Exactly reproduce the lines of the listing below from the one containing "Das für die" through the one containing "Hanna using the". Skip the images.

▶ **Records provided**:
════════════════════

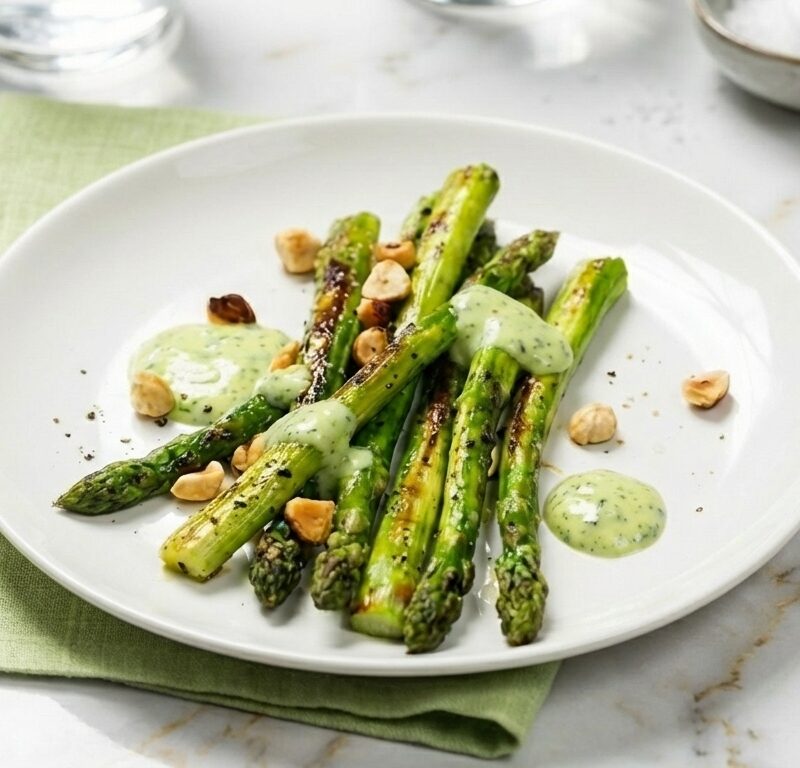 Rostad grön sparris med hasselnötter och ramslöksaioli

════════════════════

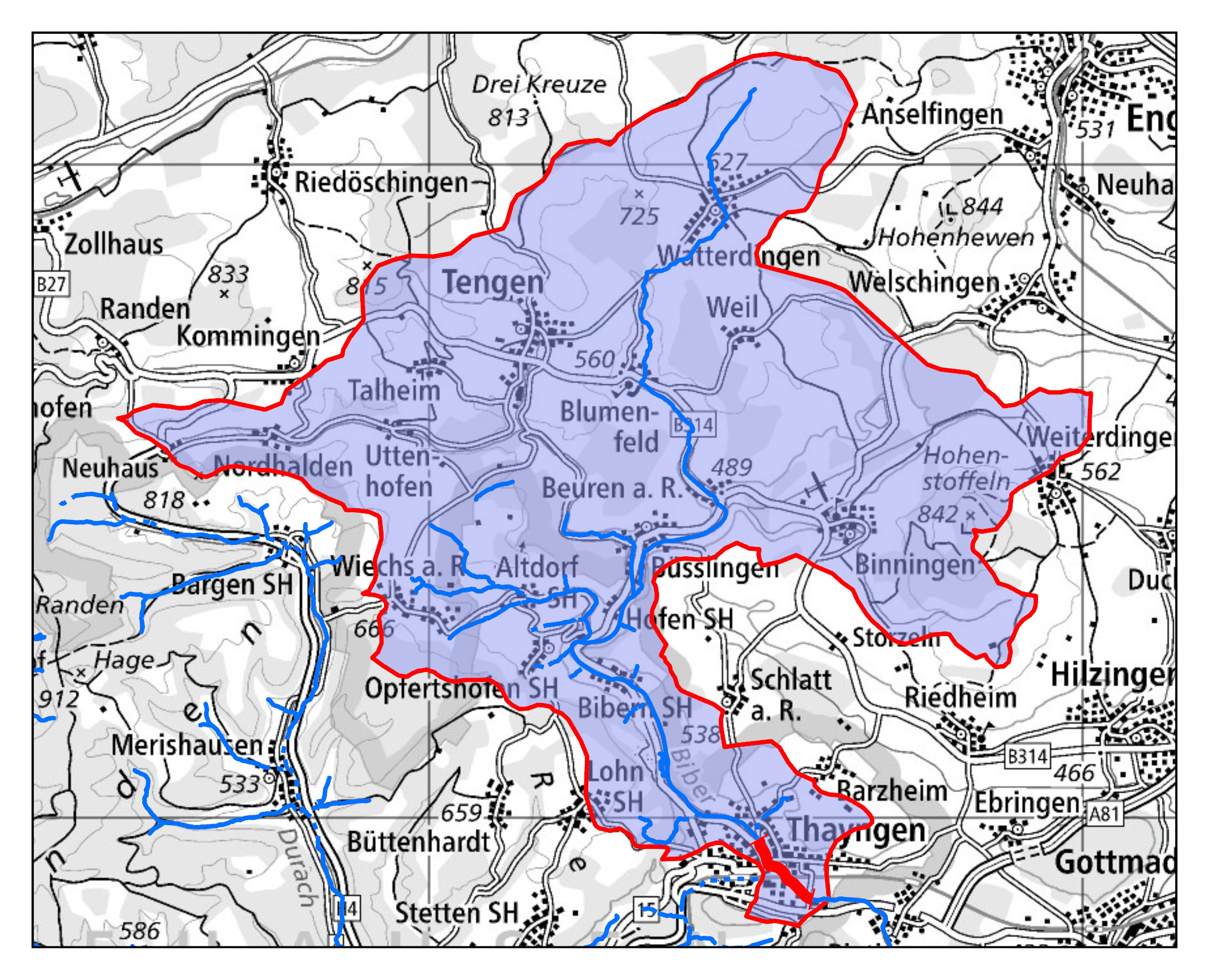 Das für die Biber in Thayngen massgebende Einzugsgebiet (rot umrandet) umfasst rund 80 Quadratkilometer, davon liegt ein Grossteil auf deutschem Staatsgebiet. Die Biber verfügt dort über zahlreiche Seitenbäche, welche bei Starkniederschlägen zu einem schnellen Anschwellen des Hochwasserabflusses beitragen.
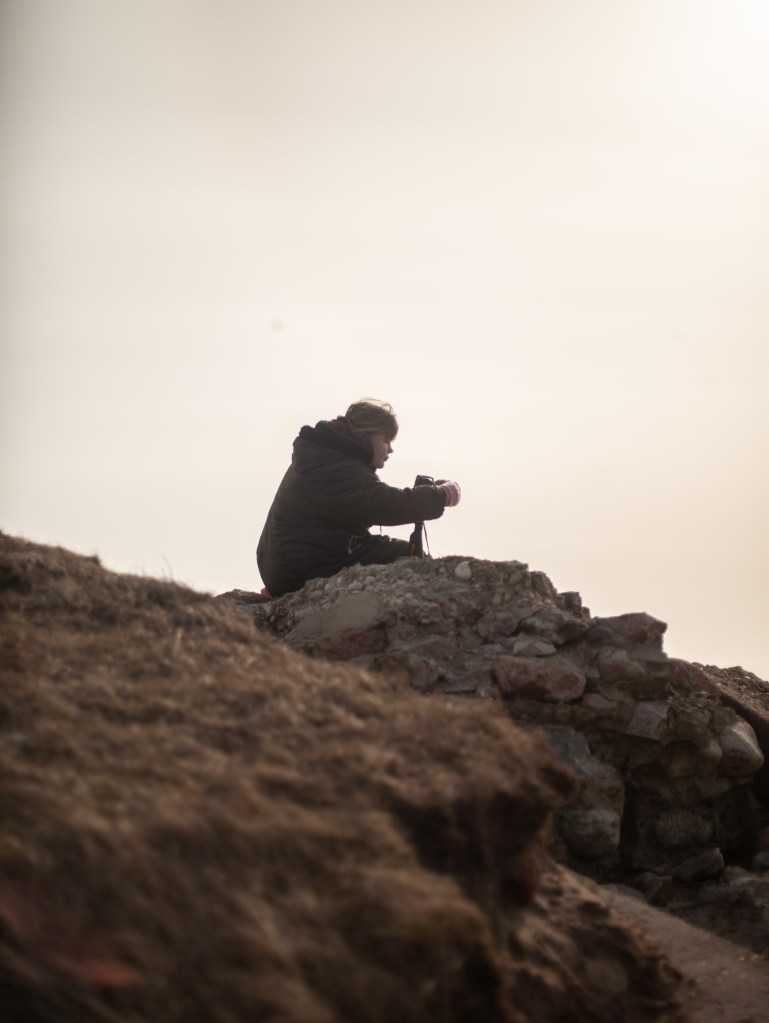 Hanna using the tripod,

════════════════════

▶ **Solution for this task**:
 Das für die Biber in Thayngen massgebende Einzugsgebiet (rot umrandet) umfasst rund 80 Quadratkilometer, davon liegt ein Grossteil auf deutschem Staatsgebiet. Die Biber verfügt dort über zahlreiche Seitenbäche, welche bei Starkniederschlägen zu einem schnellen Anschwellen des Hochwasserabflusses beitragen.
 Hanna using the tripod,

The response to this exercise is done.